• Data supplied:
════════════════════

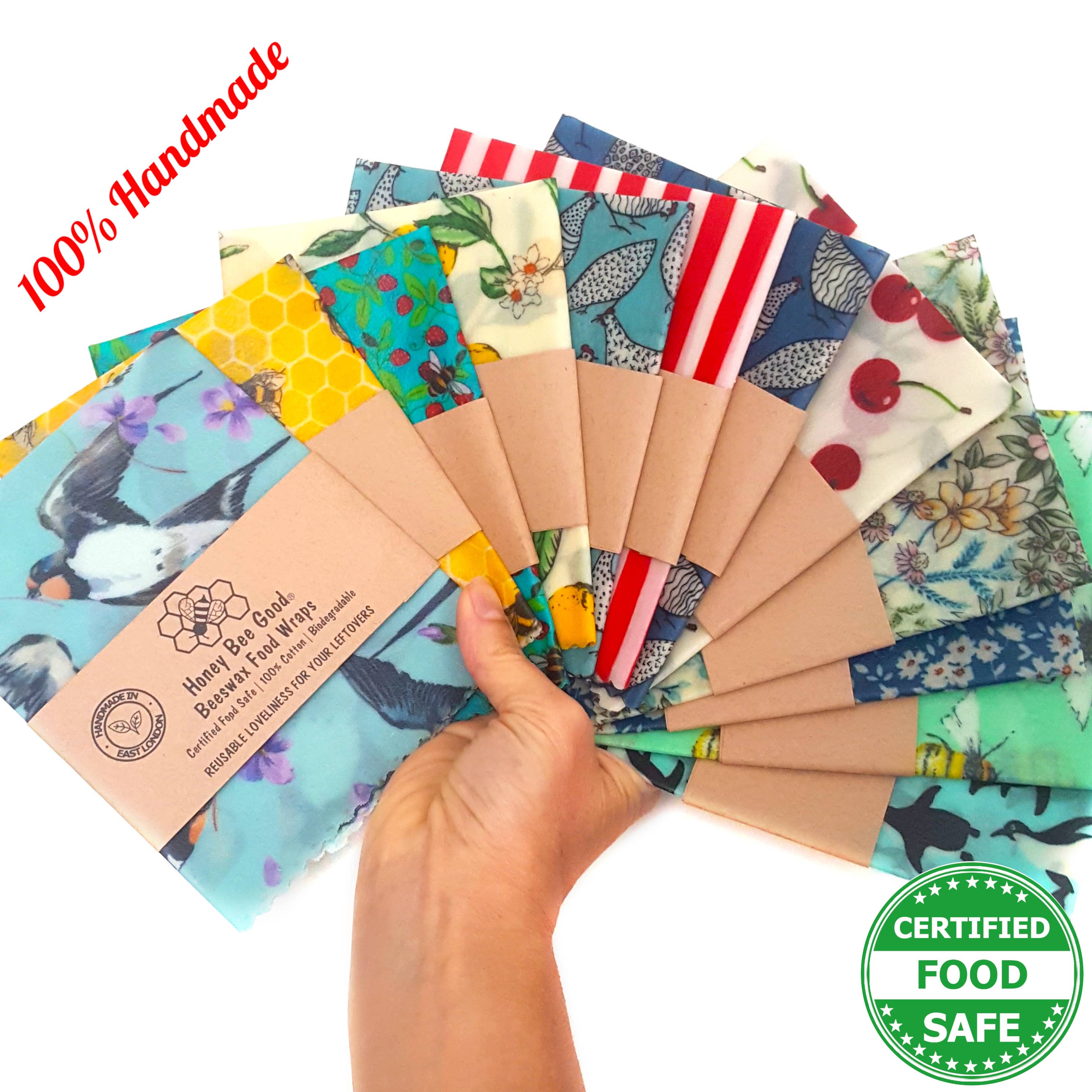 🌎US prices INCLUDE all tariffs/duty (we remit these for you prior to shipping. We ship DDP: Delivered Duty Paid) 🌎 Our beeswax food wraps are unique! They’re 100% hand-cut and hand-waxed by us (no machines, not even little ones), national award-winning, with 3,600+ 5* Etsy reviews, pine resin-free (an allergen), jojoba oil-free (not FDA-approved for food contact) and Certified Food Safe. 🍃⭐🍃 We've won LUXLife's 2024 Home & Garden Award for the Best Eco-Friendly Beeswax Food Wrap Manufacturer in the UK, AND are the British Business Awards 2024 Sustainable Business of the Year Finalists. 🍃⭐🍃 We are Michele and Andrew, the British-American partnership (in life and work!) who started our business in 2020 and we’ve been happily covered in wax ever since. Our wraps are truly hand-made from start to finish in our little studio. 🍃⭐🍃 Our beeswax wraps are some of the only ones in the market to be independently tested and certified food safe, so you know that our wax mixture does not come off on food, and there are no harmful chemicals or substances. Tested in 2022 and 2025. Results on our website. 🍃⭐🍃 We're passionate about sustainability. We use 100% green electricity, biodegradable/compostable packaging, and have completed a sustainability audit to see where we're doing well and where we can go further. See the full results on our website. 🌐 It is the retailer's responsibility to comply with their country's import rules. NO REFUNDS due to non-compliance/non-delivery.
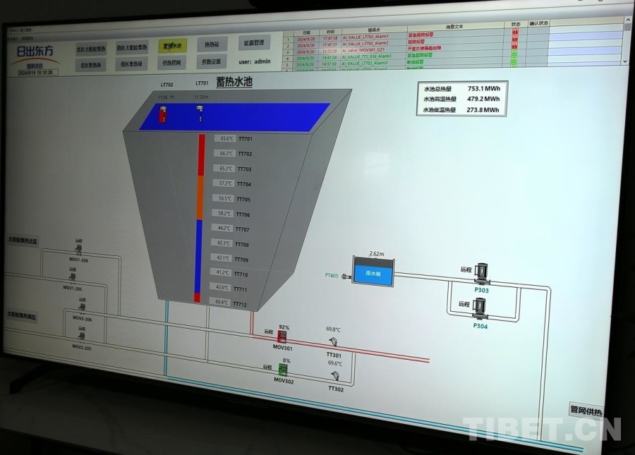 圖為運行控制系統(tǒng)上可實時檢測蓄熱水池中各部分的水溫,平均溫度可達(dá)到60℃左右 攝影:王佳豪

════════════════════

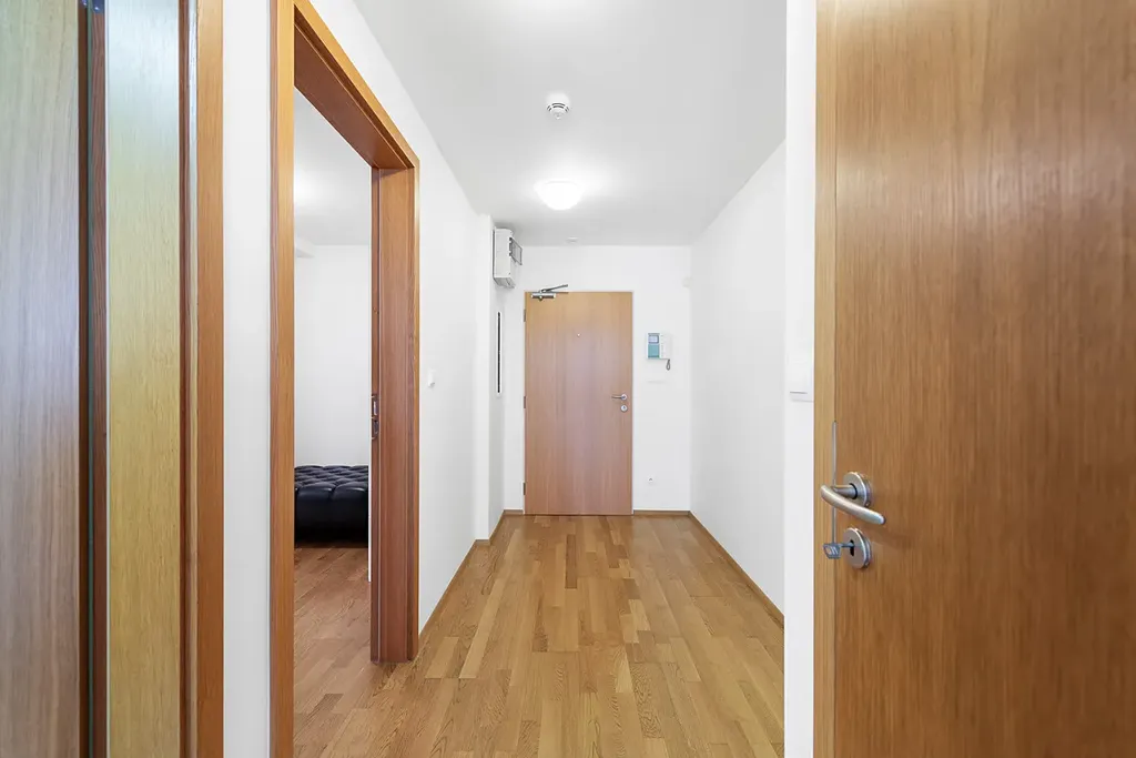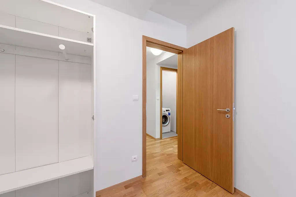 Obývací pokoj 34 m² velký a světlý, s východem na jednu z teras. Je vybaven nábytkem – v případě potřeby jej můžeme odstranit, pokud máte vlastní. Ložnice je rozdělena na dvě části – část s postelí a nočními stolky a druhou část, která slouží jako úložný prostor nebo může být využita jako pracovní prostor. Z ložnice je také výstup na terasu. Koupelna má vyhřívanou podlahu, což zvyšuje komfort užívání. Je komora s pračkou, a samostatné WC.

════════════════════

• What is expected: In the records above, find the line with "due to non-compliance/non-delivery." and the line with "圖為運行控制系統(tǒng)"; please transcribe exactly those two lines and all lines between them, omitting any picture.

• Solution below:
 🌎US prices INCLUDE all tariffs/duty (we remit these for you prior to shipping. We ship DDP: Delivered Duty Paid) 🌎 Our beeswax food wraps are unique! They’re 100% hand-cut and hand-waxed by us (no machines, not even little ones), national award-winning, with 3,600+ 5* Etsy reviews, pine resin-free (an allergen), jojoba oil-free (not FDA-approved for food contact) and Certified Food Safe. 🍃⭐🍃 We've won LUXLife's 2024 Home & Garden Award for the Best Eco-Friendly Beeswax Food Wrap Manufacturer in the UK, AND are the British Business Awards 2024 Sustainable Business of the Year Finalists. 🍃⭐🍃 We are Michele and Andrew, the British-American partnership (in life and work!) who started our business in 2020 and we’ve been happily covered in wax ever since. Our wraps are truly hand-made from start to finish in our little studio. 🍃⭐🍃 Our beeswax wraps are some of the only ones in the market to be independently tested and certified food safe, so you know that our wax mixture does not come off on food, and there are no harmful chemicals or substances. Tested in 2022 and 2025. Results on our website. 🍃⭐🍃 We're passionate about sustainability. We use 100% green electricity, biodegradable/compostable packaging, and have completed a sustainability audit to see where we're doing well and where we can go further. See the full results on our website. 🌐 It is the retailer's responsibility to comply with their country's import rules. NO REFUNDS due to non-compliance/non-delivery.
 圖為運行控制系統(tǒng)上可實時檢測蓄熱水池中各部分的水溫,平均溫度可達(dá)到60℃左右 攝影:王佳豪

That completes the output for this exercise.